Aim To test statistical models used to predict species distributions under different shapes of occurrence–environment relationship. We addressed three questions: (1) Is there a statistical technique that has a consistently higher predictive ability than others for all kinds of relationships? (2) How does species prevalence influence the relative performance of models? (3) When an automated stepwise selection procedure is used, does it improve predictive modelling, and are the relevant variables being selected?
Location We used environmental data from a real landscape, the state of California, and simulated species distributions within this landscape.

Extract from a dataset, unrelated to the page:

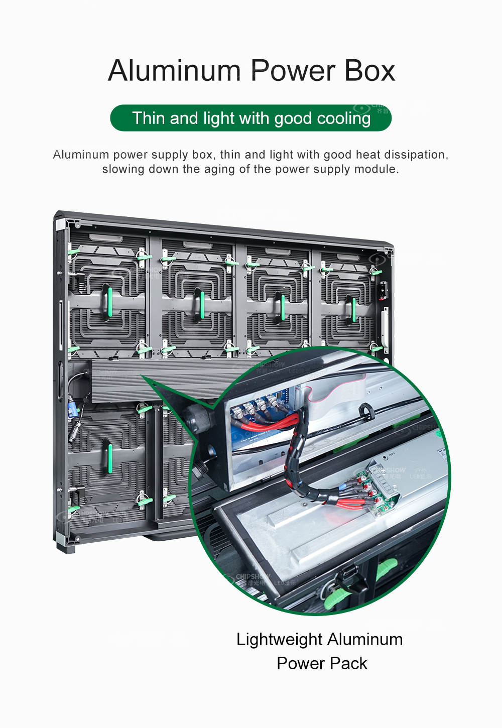 C-Lite-D ist ein hochwertiger Miet-LED-Bildschirm für eine Vielzahl von Aktivitäten. Die Steuerbox kann durch Schlösser herausgeklickt werden, und ein Schutzpolster schützt die Lampen an den Ecken vor Beschädigungen. Dadurch erhalten Sie eine bessere Erfahrung bei der Installation und Demontage. Merkmale 1. Verfügbare Stellplätze: P2,6, P2,97, P3,91, P4,81 innen/außen 2. Schrankgröße: 500*500mm/500*1000mm 3. Helligkeit: 800–1000 nit (innen), 4500–6500 nit (außen). 4. Integrierte Stromversorgung und Empfangskarte. Innerhalb von 1 Sekunde ein- und ausstecken. 5. Schnelle Verriegelung von oben und unten, links und rechts, 2 Sekunden, um Schränke zu verbinden. 6. Aluminiumdruckguss, hochfest, hochfest, hochpräzise, ​​ultrahohe Ebenheit, Ebenheitsfehler des gesamten Bildschirms ≤ 0,01 mm. 7. Antikollisionsdesign an der Unterseite des Gehäuses, Positionierung der Perlen an der Seite für eine präzise Ausrichtung. 8. Gutes Wärmeableitungsdesign, kein Lüfter und keine Klimaanlage erforderlich, weniger Lärm während der Arbeit. 9. Hohe Schutz-, Witterungs- und Salzsprühkorrosionsbeständigkeit. 10. Eine Vielzahl von Installationsmethoden, kann angehoben, fixiert oder gestapelt werden.

Methods Eighteen artificial species were generated, which varied in their occurrence response to the environmental gradients considered (random, linear, Gaussian, threshold or mixed), in the interaction of those factors (no interaction vs. multiplicative), and on their prevalence (50% vs. 5%). The landscape was then randomly sampled with a large (n = 2000) or small (n = 150) sample size, and the predictive ability of each statistical approach was assessed by comparing the true and predicted distributions using five different indexes of performance (area under the receiver-operator characteristic curve, Kappa, correlation between true and predictive probability of occurrence, sensitivity and specificity). We compared generalized additive models (GAM) with and without flexible degrees of freedom, logistic regressions (general linear models, GLM) with and without variable selection, classification trees, and the genetic algorithm for rule-set production (GARP).
Results Species with threshold and mixed responses, additive environmental effects, and high prevalence generated better predictions than did other species for all statistical models. In general, GAM outperforms all other strategies, although differences with GLM are usually not significant. The two variable-selection strategies presented here did not discriminate successfully between truly causal factors and correlated environmental variables.

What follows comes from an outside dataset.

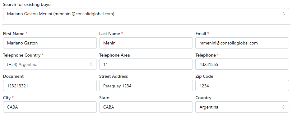 In the third step of the process, enter all the buyer's information. If this is the buyer's first transaction, all fields must be filled out manually. Otherwise, you can search for an existing buyer in the search bar, and the data will be loaded automatically.

Main conclusions Based on our analyses, we recommend the use of GAM or GLM over classification trees or GARP, and the specification of any suspected interaction terms between predictors. An expert-based variable selection procedure was preferable to the automated procedures used here. Finally, for low-prevalence species, variability in model performance is both very high and sample-dependent. This suggests that distribution models for species with low prevalence can be improved through targeted sampling.